Now that Austria`s ATB has taken control of Brook Crompton, can the UK`s leading motor-maker now put its troubles behind it and win back the customers who have deserted it in recent years? The company`s new owners certainly think so. Drives & Controls` editor Tony Sacks has been talking to them.

For several years, a ritual has taken place each Spring at the Hannover Fair in Germany. The ritual involved Christian Schmidt, chief executive of the acquisitive Austrian motor-maker ATB, and Lim Say Hui, chairman of the Singapore-based Lindeteves-Jacoberg. Each time they met, Schmidt would ask Mr Lim whether he was willing to sell his German-based high-voltage motors subsidiary, Schorch. On each occasion, Lim would politely decline.

This Viennese waltz was repeated at each Fair until last year. When Schmidt popped the usual question at the 2005 Hannover Fair, Lim still refused to sell Schorch - but he did say that he was prepared to talk about selling the whole of his company, which also included the British motor-maker Brook Crompton and the Australian motor company, Western Electric.

This set the wheels in motion for a drawn-out deal that saw ATB initially loaning Lindeteves-Jacoberg €12.5m last September, before converting this into a shareholding of just under 30% in February this year.
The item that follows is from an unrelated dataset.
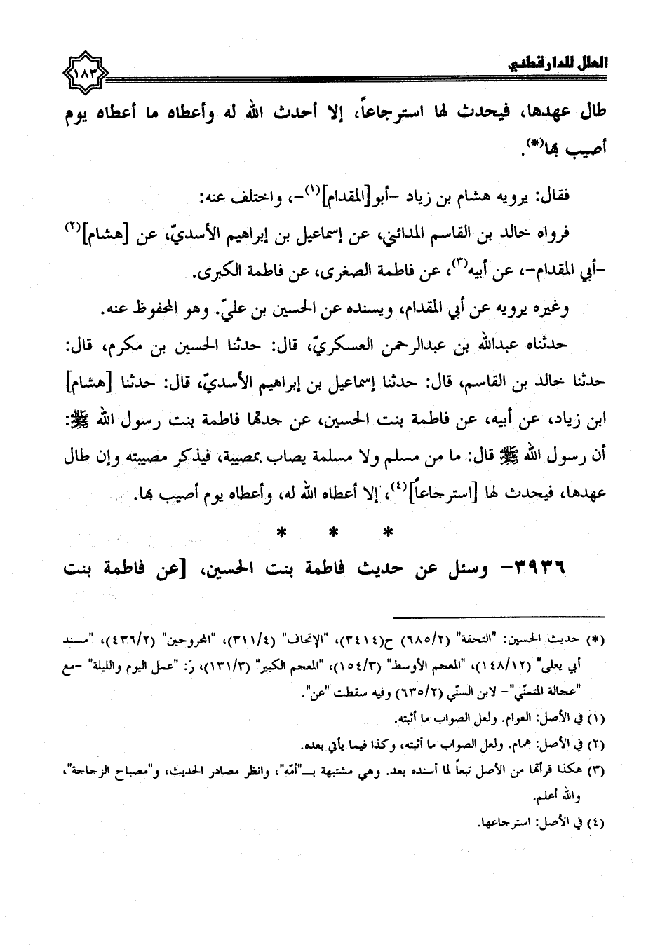 3935- وسئل عن حديث فاطمة بنت الحسين، عن فاطمة، قال رسول الله صلى الله عليه وسلم: ما من مسلم ولا مسلمة يصاب بمصيبة فيذكر مصيبته وإن طال عهدها فيحدث لها استرجاعا إلا أحدث الله له وأعطاه ما أعطاه يوم أصيب بها.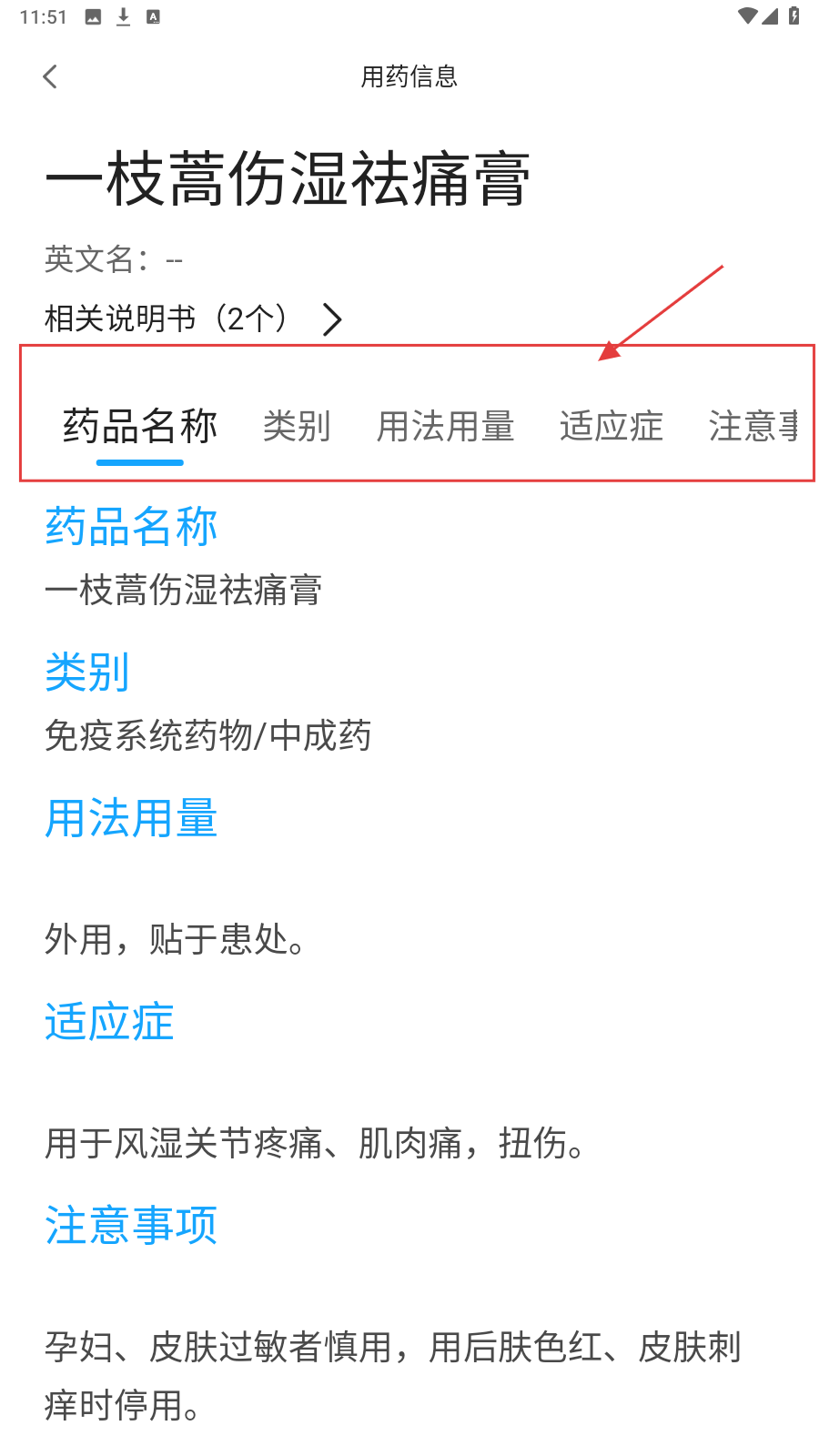 4、进入药品详情页,可以查看药品名称、类别、用法用量等介绍。

ATB has since upped its stake to just below 50% and is now in the driving seat following the resignation of Lim Say Hui and the appointment of Heinz Grossmann as chief executive. There seems little doubt that ATB will soon own more than 50% of L-J. The photograph above shows Grossmann (left) with Lim Say Hui and L-J`s new chief operating officer and Grossmann`s deputy, Neil Stewardson.

ATB has wasted little time in starting to turn around Lindeteves-Jacoberg - and, in particular, Brook Crompton.

At one time, Brook dominated the UK motors scene with sales worth around £75m, and a market share of about 70%. But a combination of circumstances conspired to chip away at this apparently unassailable business.

After Brook was bought by Hawker Siddeley in 1968, it went through a succession of changes as a member of various conglomerates including BTR (which it joined in 1991) and Invensys (in 1999). At one stage, it was merged with BTR`s Hansen Transmissions gears business, only to be split apart again a few years later.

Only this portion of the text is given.